My knowledge of analog and digital signal analysis is behind me.. thus I do not have enough confidence in my procedure to analyze my signal, and I do not know which direction to pursue to improve. I'm measuring a noisy square signal at a sampling frequency fs = 1e6 Hz
. I can increase this frequency up to 1e9 Hz
if needed.
At a frequency fs = 1e6 Hz
, I get the following signal:
Above, you can see 2 examples with 2 square waveforms at 2 different amplitudes. As you can see, the signal is prone to overshoot, in the example below, before the square starts; and is also noisy. Thus, I wanted to clean the signal by applying a low-pass filter.
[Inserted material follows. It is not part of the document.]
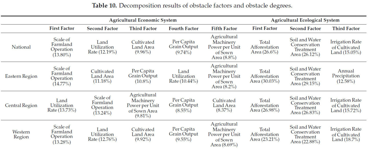 В-четвертых, к основным препятствиям в сельскохозяйственной экономической системе относятся масштабы управления сельскохозяйственными угодьями, коэффициент использования земель, площадь обрабатываемых земель, урожайность зерна на душу населения и механизация на единицу посевной площади, при этом наиболее заметными являются недостаточные масштабы управления сельскохозяйственными угодьями и неэффективное использование земель. В сельскохозяйственной экосистеме ключевыми препятствиями являются общая площадь лесопосадок, площадь, контролируемая эрозией почвы, годовое количество осадков и уровень орошения пахотных земель, а также значительные недостатки в лесопосадках и борьбе с эрозией почвы.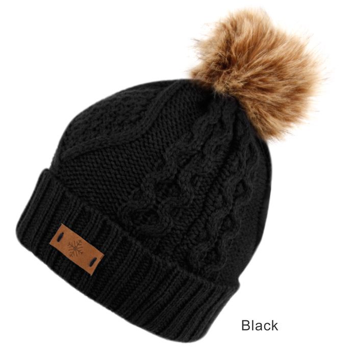 solid & multi color knit beanie with pom pom and warm fleece lining

I tried the 2 following: a Butterworth and a bessel filter using the scipy
library in Python.
def butter_lowpass_filter(data, cutoff, fs, order=5):
nyq = 0.5 * fs
normal_cutoff = cutoff / nyq
b, a = butter(order, normal_cutoff, btype='low', analog=False)
y = lfilter(b, a, data)
return y
def bessel_low_pass_filter(data, cutoff, fs, order=5):
nyq = 0.5 * fs
normal_cutoff = cutoff / nyq
b, a = bessel(order, normal_cutoff, btype='low', analog=False)
y = lfilter(b, a, data)
return y
I then call both filters on my data with the settings cutoff = 100000 # Hz
, fs = 1e6 # Hz
, order = 8
. Why those settings? That is my first problem, I don't really know how to choose the cutoff frequency or the order. I simply tried different values, and those seem to be nice.
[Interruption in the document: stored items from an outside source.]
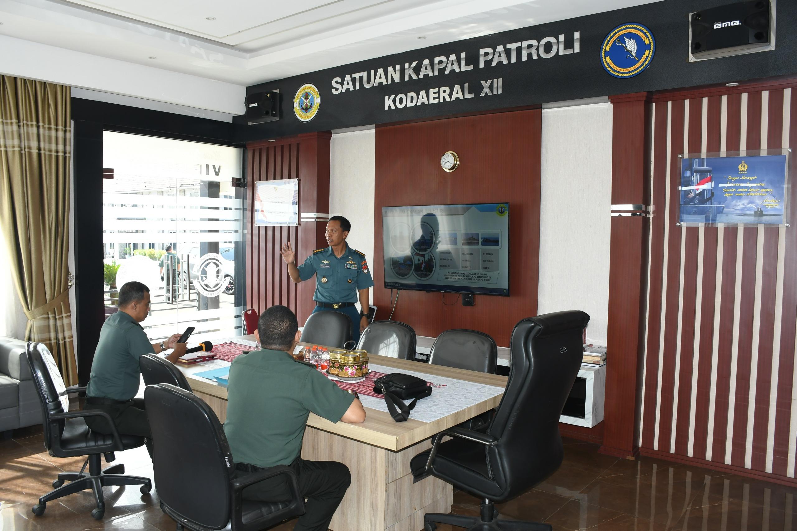 Tim Dirjen Strahan Kemhan dipimpin oleh Kasubag Ditrah Komhan, Letkol Inf Heru Setyatmojo, S.E., didampingi Kasi Monitoring dan Evaluasi Kebijakan Subdit Analisa Strategis (Anstra) Ditrah Komhan, Mayor Arm Eri Hadi, S.H., M.Si. Kedatangan tim diterima dan didampingi oleh Asops Dankodaeral XII, Kolonel Laut (P) Ainul Muslimin, S.E., M.Tr.Hanla., M.M., CHRMP.
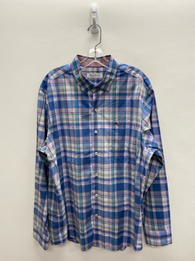 Tommy Bahama Size XXL Blue Button Up Silk Blend Men's Long Sleeve Shirt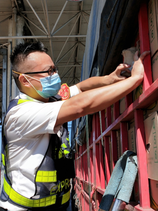 檢查綠農(nóng)車,遇到攀爬驗貨時,車輛欄桿因高溫炙烤至少在四五十度以上,臺州南收費(fèi)所班長周冬子笑著說:“現(xiàn)在的車欄桿都‘辣手’了,腳底板也像踩了‘風(fēng)火輪’。” 話音還未落,只見他蹭蹭幾下,已然爬上貨車,一邊檢查貨物一邊用袖子蹭掉臉上豆大的汗珠,被曬得黝黑發(fā)紅的皮膚在烈日下格外醒目。綠農(nóng)車開走后,他顧不上滿身汗水,拿起了掃把開始打掃灑落在車道上的綠農(nóng)產(chǎn)品。因為他知道,這些灑落的農(nóng)產(chǎn)品,如不及時清理,在太陽曝曬后將會更加刺鼻,影響收費(fèi)站的形象。 熱浪滾滾,卷不走收費(fèi)員們工作的熱情;夏日炎炎,燃不盡收費(fèi)員們堅守的意志。他們用執(zhí)著在高溫下書寫愛崗敬業(yè),用責(zé)任和擔(dān)當(dāng)保障著高速的平安暢通。 項丹穎

The result looks like this (left, low amplitude pulse; right, higher amplitude pulse):
The bessel filter seems to work better than the Butterworth, however both have the same problem. The signal is shifted to the right. If I zoom , I observe the clear shift:
The opposite shift seems to be present at the end of the square. Is it possible to correct this shift? My end goal is to measure both the amplitude and the width of the square. Do you think my approach is correct or would you recommend me another approach?